The commissioner found no merit in his version. The commissioner further said the fact that he was at home when he posted the racist comment was totally irrelevant. The case law was clear – an employer had the right to take disciplinary steps against an employee if it had some interest in that employee’s conduct when he was not at the workplace.
Unhappy with the CCMA commissioner’s award upholding the dismissal, he turned to the Labour Court.
The Labour Court made short shrift of the applicant’s argument that he made the statement outside of his working hours and therefore it could not possibly have constituted a disciplinary offence.
In essence the Court held that when the misconduct is committed away from the workplace, the only question is whether there was a nexus between the conduct and the employer’s business. If there was such a link, and if it has a bearing on the employment relationship, the employer is entitled to take disciplinary steps against the employee.
In this instance the respondent’s employer had a direct interest in the applicant’s conduct because it employed people of all races. It could therefore not be expected to continue employing someone who publicly called for the killing of all the members of a particular race group. Although this was not spelled out by either the arbitrator or the Court, it stands to reason that the racist post would then also be aimed at the applicant’s fellow employees who were white.
In effect the applicant’s dismissal was informed, on the one hand by the principle in Edcon Limited v Cantamessa and Others (JR30/17) [11 October 2019], and on the other by the principle in Custance v SALGBC (D114/02) .

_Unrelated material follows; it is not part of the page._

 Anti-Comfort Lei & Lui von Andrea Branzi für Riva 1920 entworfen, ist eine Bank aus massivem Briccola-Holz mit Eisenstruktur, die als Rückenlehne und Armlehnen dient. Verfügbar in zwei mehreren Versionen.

The Court held per Cele J in Cantamessa that the respondent employer could discipline her for having posted a racist comment on her Facebook account:
 In principle therefore, Edcon could exercise discipline over Ms Cantamessa provided it established the necessary connection between the misconduct, if any, and its business. The comments made by Ms Cantamessa did not in and of themselves relate to the employer – employee relationship. The only source for the connection lies in that her Facebook page indicated that she worked for Edcon (My emphasis).
As long ago as 2003 the Court per Pillay J held in the matter of Custance v SALGBC that:
 …the derogatory terms used manifest a deep-rooted racism which has no place in a democratic society. Whether the word was uttered on or off duty was immaterial as it is the attitude that persists which, when on duty, affects the employment relationship.

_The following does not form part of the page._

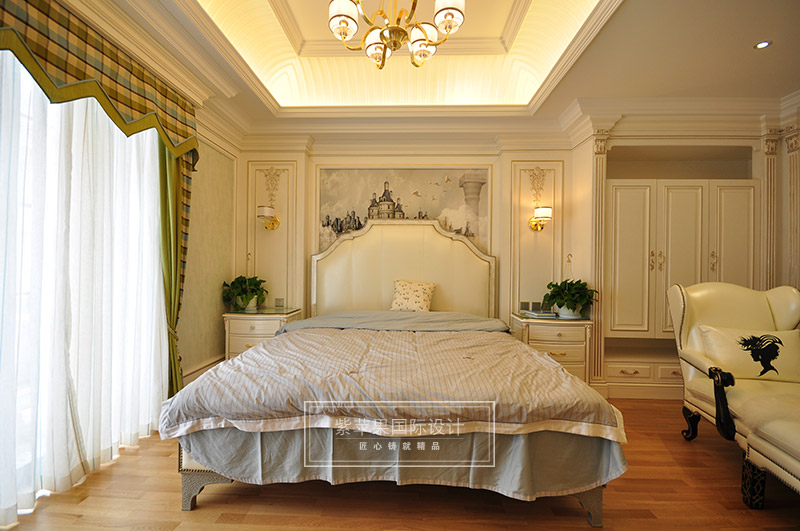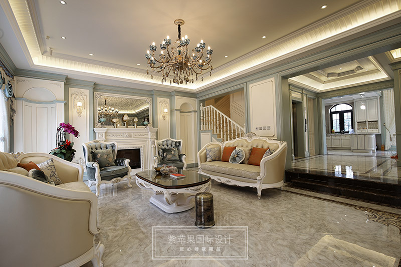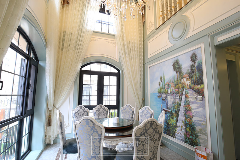 【紫原創(chuàng)-裝修實景】布局上突出軸線的對稱,恢宏的氣勢,注重居室空間的豪華舒適;細節(jié)處理上運用法式廊柱、雕花、線條,制作工藝精細考究;崇尚沖突之美,均是法式風格的特色。

In line with the finding in Custance, the Court held in Makhoba that the applicant’s attitude as expressed in his Facebook post, justified his dismissal, for in the words of the Constitutional Court (in the matter of Rustenburg Platinum Mine v SAEWA obo Bester and Others (CCT127/17) ):
 We are dealing here with racism in the workplace. Our courts have made it clear, and rightly so, that racism in the workplace cannot be tolerated. Employees may not act in a manner designed to destroy harmonious working relations with their employer or colleagues. They owe a duty of good faith to their employers which duty includes the obligation to further their employer’s business interests. In making racist comments in the public domain, the actions of the employee may foreseeably negatively affect the business of his employer or the working relationship between him and his employer or colleagues (My emphasis).
The importance of this judgment is that it emphasises that when there is a clear link between an employee’s conduct away from the workplace and the workplace, the employer has every right to take disciplinary steps against that employee.